Hypothesis Testing for Populations of Brain Networks

Version:

0.2.1

Description:

Non-parametric hypothesis testing for populations of brain networks represented as graphs, following the L1-distance ANOVA framework of Fraiman and Fraiman (2018) <doi:10.1038/s41598-018-21688-0>. The package builds on this nonparametric graph-comparison framework, extending it with procedures for edge-level inference and identification of the specific connections driving group differences. In particular, it provides utilities to compute central (mean) graphs, pairwise Manhattan distances between adjacency matrices, the group test statistic T, and a fast permutation procedure to identify the critical edges that drive between-group differences. Helper functions to generate synthetic community-structured graphs and to visualise brain networks with communities are also included.

License:

MIT + file LICENSE

URL:

https://github.com/mmaximiliano/BrainNetTest

BugReports:

https://github.com/mmaximiliano/BrainNetTest/issues

Encoding:

UTF-8

Depends:

R (≥ 4.0.0)

Imports:

stats, graphics, igraph

Suggests:

knitr, rmarkdown, testthat (≥ 3.1.7)

RoxygenNote:

7.3.3

VignetteBuilder:

knitr

Config/testthat/edition:

NeedsCompilation:

Packaged:

2026-06-04 20:31:12 UTC; maxim

Author:

Maximiliano Martino

[aut, cre], Daniel Fraiman

[aut]

Maintainer:

Maximiliano Martino <maxii.martino@gmail.com>

Repository:

CRAN

Date/Publication:

2026-06-05 05:20:02 UTC

Compute the Central (Representative) Graph for a Population

Description

This function computes the central graph for a given population by averaging the adjacency matrices of all graphs within that population.

Usage

compute_central_graph(graph_list)

Arguments

graph_list

A list of adjacency matrices representing brain networks.

Value

A single adjacency matrix representing the central graph of the population.

Examples

# Generate synthetic Control data
Control <- list(
  generate_random_graph(n_nodes = 5, edge_prob = 0.1),
  generate_random_graph(n_nodes = 5, edge_prob = 0.1)
)
central_graph <- compute_central_graph(Control)

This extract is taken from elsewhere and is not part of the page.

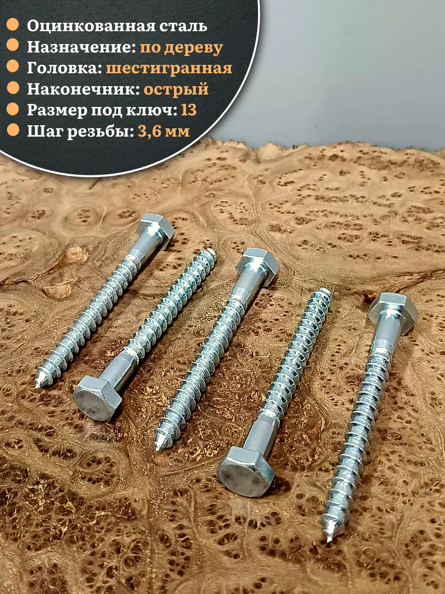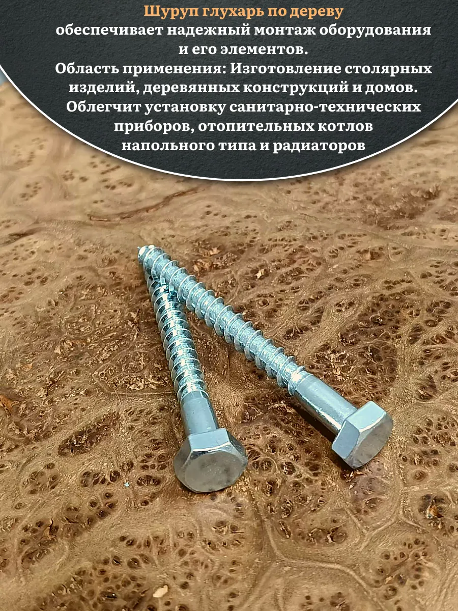 Саморез делается из оцинкованной стали. Такой крепеж обеспечивает надежный монтаж оборудования и его элементов. В состав изделия входит стержень, имеющий неполную резьбу, и шестигранная головка «под ключ». Область применения: Изготовление столярных изделий, деревянных конструкций и домов, установку санитарно-технических приборов, отопительных котлов напольного типа и радиаторов облегчит саморез типа «глухарь», соответствующий DIN 571. Чтобы смонтировать крепеж в строительную конструкцию из кирпича, природного камня или бетона, саморез нужно дополнительно укомплектовать разжимной втулкой из полимерного материала с соответствующими размерами. Изделие можно устанавливать в горизонтальных или вертикальных поверхностях.

Compute the Manhattan Norm Distance Between Two Graphs

Description

This function calculates the Manhattan norm (L1 norm) distance between two adjacency matrices representing brain networks.

Usage

compute_distance(G, M)

Arguments

G

A square adjacency matrix representing a brain network.

M

A square adjacency matrix representing the central brain network.

Value

A numeric value representing the Manhattan distance between G and M.

Examples

# Generate synthetic data
G1 <- generate_random_graph(n_nodes = 5, edge_prob = 0.1)
G2 <- generate_random_graph(n_nodes = 5, edge_prob = 0.1)
central_graph <- compute_central_graph(list(G1, G2))
distance <- compute_distance(G1, central_graph)

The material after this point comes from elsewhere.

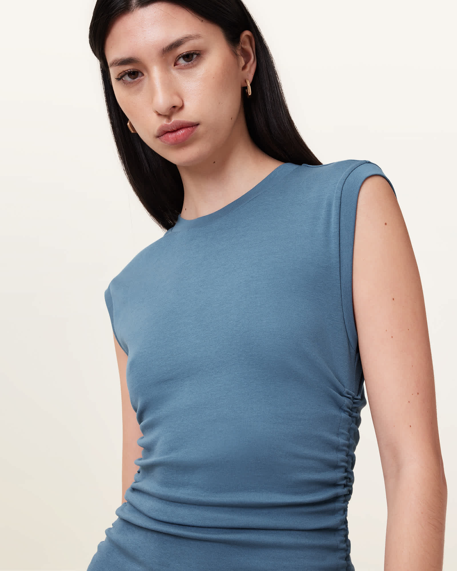 AllSaints Sonny Drawcord Side Mini Dress,, Flint Stone Blue | ricciano IRELAND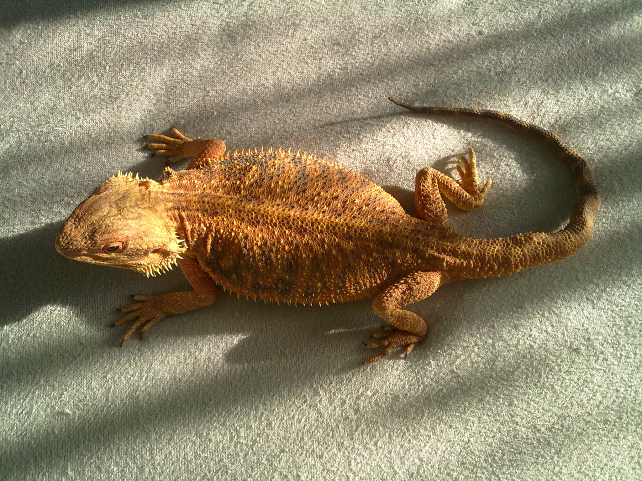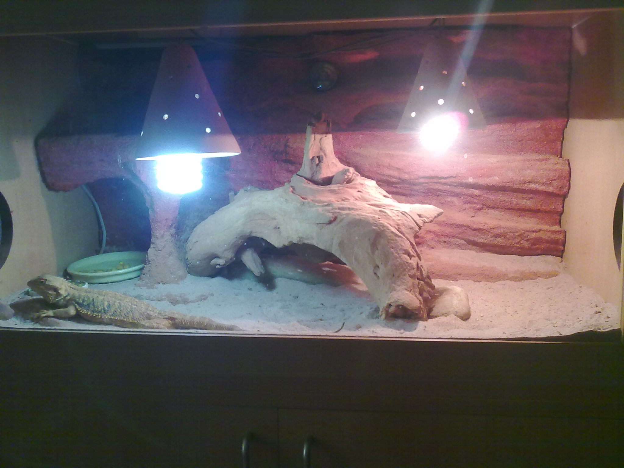 Terárko má rozměry 90/50/50 cm, žárovka ReptiGlo 10.0 uvb 26W, výhřevná Exo Terra Dey Glo Tight Beam 75W (teď 40W). Vitamíny dávám Plastin, Nutri Mix Rep Calci Plus a sepiovka namletá. Obaluju v tom jednoho cvrčka co druhý den. Teplotu má 32-34 stupňů, v noci pokojovou teplotu 20stupňů.

Compute Edge Frequencies in Populations

Description

This function computes the frequency of each edge (connection between nodes) across all graphs within each population.

Usage

compute_edge_frequencies(populations)

Arguments

populations

A list where each element is a population containing a list of graphs (adjacency matrices).

Value

A list containing edge counts and edge proportions for each population.

Examples

# Generate synthetic populations
control_graphs <- generate_category_graphs(
  n_graphs = 5,
  n_nodes = 10,
  n_communities = 2,
  base_intra_prob = 0.8,
  base_inter_prob = 0.2,
  intra_prob_variation = 0.05,
  inter_prob_variation = 0.05,
  seed = 1
)
patient_graphs <- generate_category_graphs(
  n_graphs = 5,
  n_nodes = 10,
  n_communities = 2,
  base_intra_prob = 0.6,
  base_inter_prob = 0.4,
  intra_prob_variation = 0.05,
  inter_prob_variation = 0.05,
  seed = 2
)
populations <- list(Control = control_graphs, Patient = patient_graphs)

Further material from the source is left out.